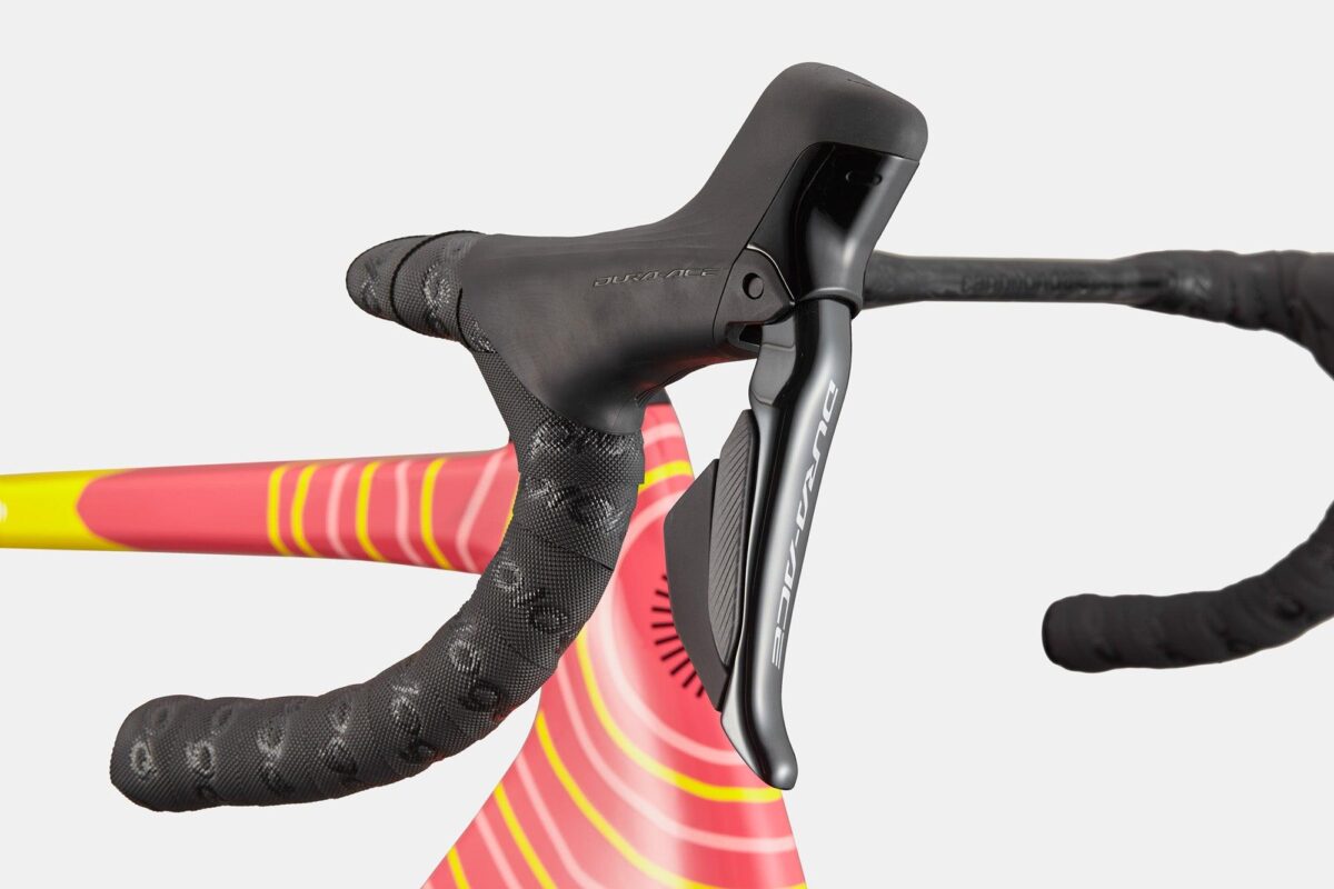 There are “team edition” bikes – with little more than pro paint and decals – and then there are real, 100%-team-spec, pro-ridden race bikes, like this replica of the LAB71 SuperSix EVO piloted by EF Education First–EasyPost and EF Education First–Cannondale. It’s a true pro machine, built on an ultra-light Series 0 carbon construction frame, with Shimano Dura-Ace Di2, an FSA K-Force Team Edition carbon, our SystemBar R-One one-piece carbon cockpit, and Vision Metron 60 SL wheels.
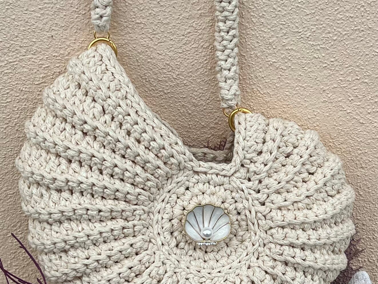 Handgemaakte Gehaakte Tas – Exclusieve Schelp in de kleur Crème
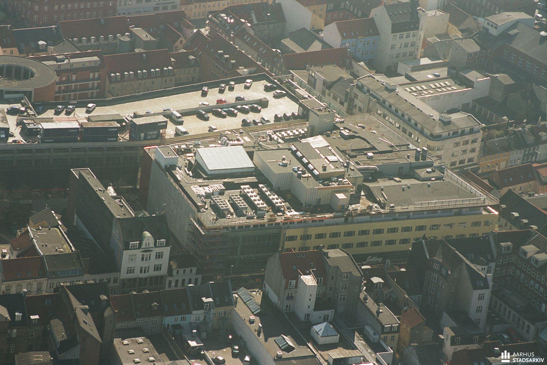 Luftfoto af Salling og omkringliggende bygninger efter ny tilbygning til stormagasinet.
=-=-=-=-=
TASK DETAILS.
Would you please output only the lines from the start of the material above up to and including the line with "Handgemaakte Gehaakte Tas", exactly as they appear and without pictures?

EXERCISE ANSWER.
 There are “team edition” bikes – with little more than pro paint and decals – and then there are real, 100%-team-spec, pro-ridden race bikes, like this replica of the LAB71 SuperSix EVO piloted by EF Education First–EasyPost and EF Education First–Cannondale. It’s a true pro machine, built on an ultra-light Series 0 carbon construction frame, with Shimano Dura-Ace Di2, an FSA K-Force Team Edition carbon, our SystemBar R-One one-piece carbon cockpit, and Vision Metron 60 SL wheels.
 Handgemaakte Gehaakte Tas – Exclusieve Schelp in de kleur Crème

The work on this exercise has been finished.